Materials and methods

This meta-analysis is registered in the International Prospective Register of Systematic Reviews (PROSPERO) trial registry (CRD42020199418). In addition and where applicable, the general guidelines of the Preferred Reporting Items for Systematic Reviews and Meta-Analysis (PRISMA) Statement were followed. And this study was performed and prepared according to the guidelines proposed by Cochrane Collaboration (http://www.cochrane-handbook.org).

Literature search

Since WFO started commercial use in 2015, literatures from 2015 onwards were searched. Cochrane Library, PubMed, Excerpta Medica Database (EMbase), China National Knowledge Infrastructure (CNKI), CQVIP and Chinese Biomedicine (CBM) databases (updated until December 31, 2019) were searched using the following terms: artificial intelligence, clinical decision-support system, Watson for Oncology, neoplasm, treatment, Multidisciplinary Team, concordance and comparative study.

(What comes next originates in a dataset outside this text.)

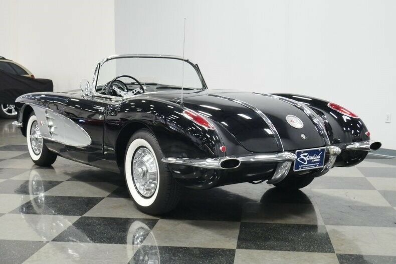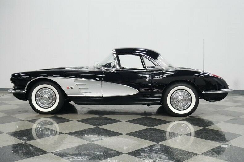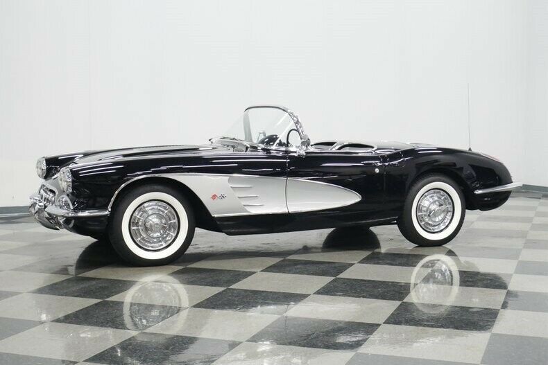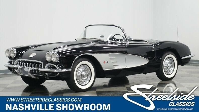 Absolutely iconic style, dual-quad V8 power, and some great details all come together on this 1958 Chevrolet Corvette. So you'll love the mix of originality and upgrades that make this true classic the kind that you love driving, too. The 1958 Corvette gets remembered for bringing a lot of different elements together. It was the debut for the four headlights up front, and it's the only year for the washboard louvered hood. In the rear, the integrated exhaust looked a little meaner, and the single-year silver streaks on the trunk added sophistication. In fact, with the added touch of refinement, this car deserves a paint like Tuxedo Black. It was an upgrade later in life. So the black retains a nice shine while still not being too fancy to make you nervous about enjoying the drive. Plus, everything you love about these first-generation Corvettes are in place. The side coves have a separate silver color, the smile of the nine-tooth grille is in bright chrome, a hardtop comes with the sale, and you even have proper whitewall tires w/correct wheel covers. Overall, there is a sense of quality that comes from great-looking panels and good body gaps to show off the curvaceous style that made the C1 an icon. The all-black interior looks especially nice against the all the black on the exterior, so this is a great one for open-top fun. There was a solid investment here with good-looking bucket seats, a smooth dash, and plush carpeting. You get the classic/grippy three-spoke steering wheel, and beyond that, the full gauges are crisp and clear, including the working tach. Corvette fans have likely sported by now that this is a power windows car. This is the first year for the features, and they are working nicely. So if it's factory-installed, it also gives this a ton of rarity (only about 650 examples were made.) And while you'll love the vintage presentation, right down to the Wonderbar AM radio, there is another cool secret. This has a hidden AM/FM/CD stereo that connects to a full subwoofer speaker system. So you get some great upgraded driving music. Under the hood is an era-correct 283 cubic-inch V8 that's believed to be original to the car. Everything from the broad and bright air grabber, to the finned Corvette valve covers look like the correct pieces for a stock '58 Corvette. Plus, as you peek into the motor a bit more you see this was done with dual Carter four-barrel carburetors for proper C1 power. It fires up nicely, and the Powerglide transmission is great for both automatic cruising and quarter-mile runs. And as you look underneath the car, you'll see nice upgrades like newer coilover shocks and traction bars on the rear. Complete with Maintenance records, this is the C1 that comes from the right year, has the right features, and has the right upgrades. It makes for a total package you need right now. Call today!!! |

Other potentially qualified articles were also screened manually.

Inclusion and exclusion criteria

The studies meeting the following criteria would be included:

(a) The clinical use of WFO has been focused on regardless of cancer type, (b) the studies contain at least one subgroup of analysis data, (c) the studies should be original research articles published either in Chinese or English regardless of nationality, (d) the studies have compared the consistency of treatment schemes determined by WFO and MDT, and (e) there is no limit to whether the article is a prospective or a retrospective study and whether blind methods have used.

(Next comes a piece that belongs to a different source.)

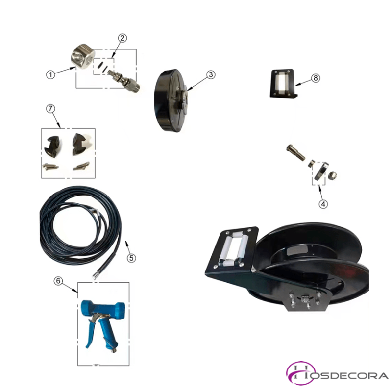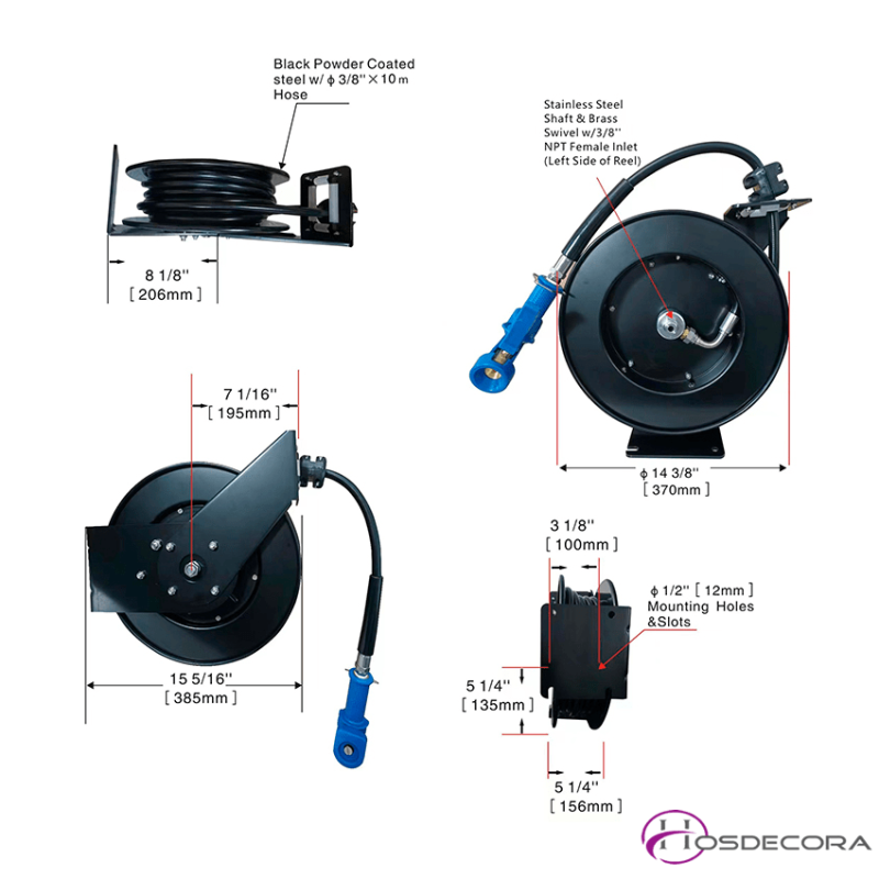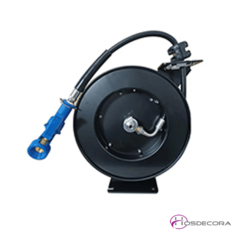 Sistema de manguera retráctil, enrollable en el interior, con sistema de bloqueo que permite mantener sin esfuerzo la longitud de manguera deseada en cada uso.

The following are the major exclusion criteria:

(a) The studies only describe the simple use of WFO and do not involve any data or only WFO research and development process data, (b) the article does not compare the treatment schemes between WFO and MDT, and (c) book chapter, comment, case reports, and other forms without detailed data.

Data extraction and quality assessment

Two investigators evaluated the quality of the literatures and extracted the data independently. Any disagreements were discussed and consulted by an additional independent arbitrator for further resolution. The lack of original data is supplemented by contacting the original author via e-mail. The data were extracted with a standardized table, including (a) general information, such as the title of the publication, first author’s surname, the original document number and source, year of publication and country, (b) research characteristics, such as the eligibility of the research, the characteristics of the research object, the design scheme and quality of the literature, the design scheme and quality of the literature, the specific contents and implementation methods of the research measures, relevant bias prevention measures, and the main test results; (c) data needed for this meta-analysis, such as the total number of cases in each group, and the number of cases of events were collected by the second classification.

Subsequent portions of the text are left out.